● STORED DATA
+++++
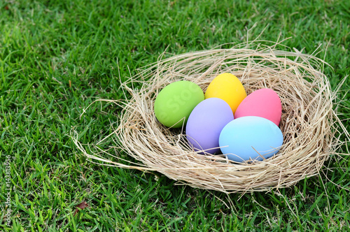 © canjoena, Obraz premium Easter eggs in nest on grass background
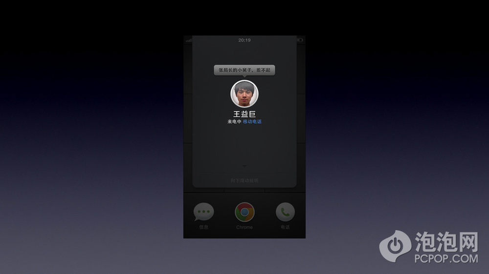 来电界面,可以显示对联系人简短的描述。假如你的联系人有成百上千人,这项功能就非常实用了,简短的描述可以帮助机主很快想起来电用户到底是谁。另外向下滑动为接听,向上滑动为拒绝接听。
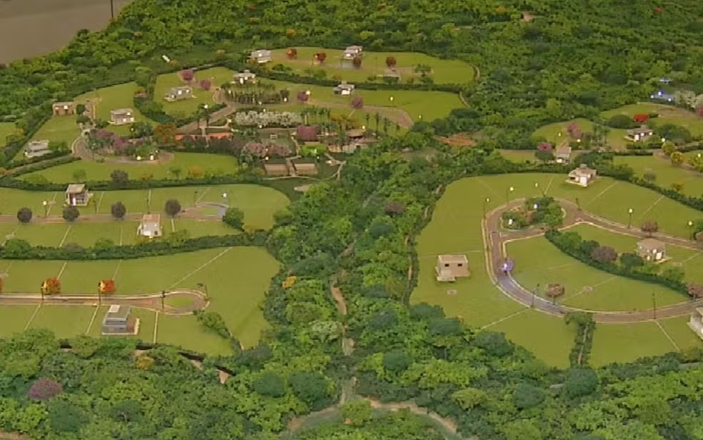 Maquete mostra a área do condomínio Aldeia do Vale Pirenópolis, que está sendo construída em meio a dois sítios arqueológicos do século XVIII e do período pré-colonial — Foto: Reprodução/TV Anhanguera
+++++
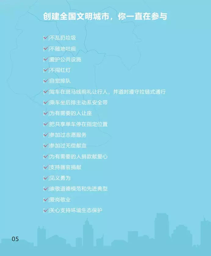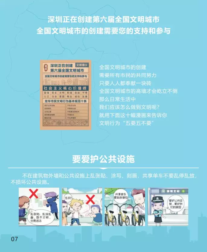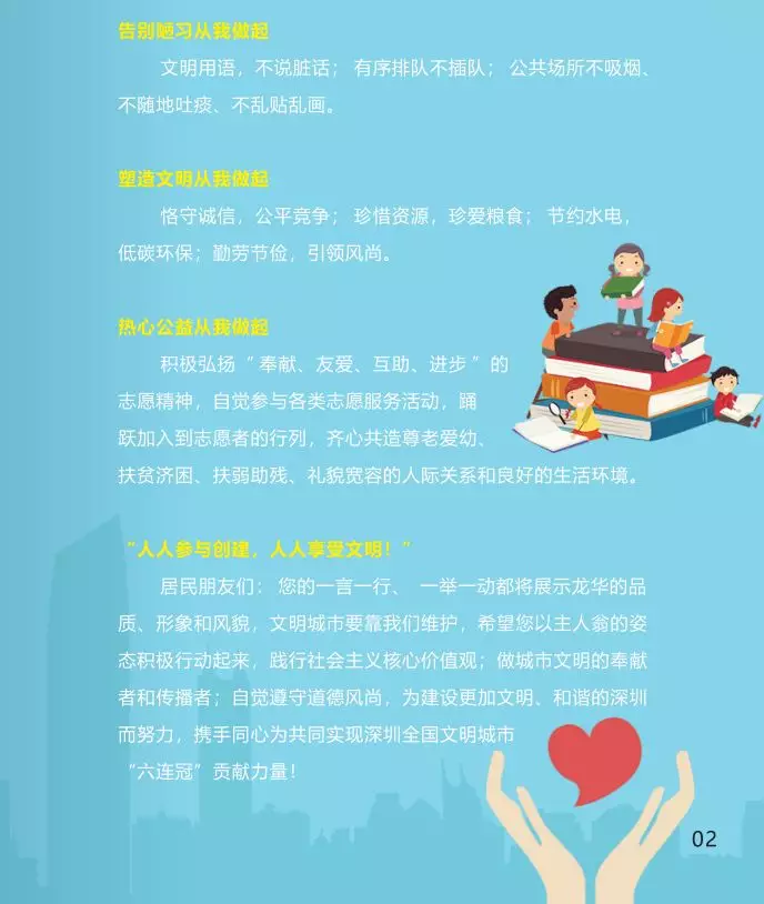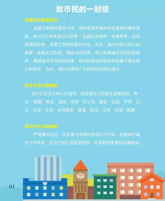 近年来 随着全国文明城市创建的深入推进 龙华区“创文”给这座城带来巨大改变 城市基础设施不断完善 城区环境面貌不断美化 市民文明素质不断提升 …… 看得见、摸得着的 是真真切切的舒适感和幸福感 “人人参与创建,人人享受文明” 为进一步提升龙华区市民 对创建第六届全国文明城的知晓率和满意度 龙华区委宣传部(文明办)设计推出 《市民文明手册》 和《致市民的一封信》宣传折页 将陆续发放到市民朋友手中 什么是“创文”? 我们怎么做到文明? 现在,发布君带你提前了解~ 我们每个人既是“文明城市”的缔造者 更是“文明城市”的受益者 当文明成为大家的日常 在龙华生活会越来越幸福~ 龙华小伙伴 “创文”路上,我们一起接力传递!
+++++
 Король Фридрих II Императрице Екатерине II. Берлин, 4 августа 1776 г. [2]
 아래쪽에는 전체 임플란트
+++++
Leave out the images and write out the lines above exactly, from the one with "来电界面,可以显示对联系人简" up to and including the one with "Maquete mostra a".

 来电界面,可以显示对联系人简短的描述。假如你的联系人有成百上千人,这项功能就非常实用了,简短的描述可以帮助机主很快想起来电用户到底是谁。另外向下滑动为接听,向上滑动为拒绝接听。
 Maquete mostra a área do condomínio Aldeia do Vale Pirenópolis, que está sendo construída em meio a dois sítios arqueológicos do século XVIII e do período pré-colonial — Foto: Reprodução/TV Anhanguera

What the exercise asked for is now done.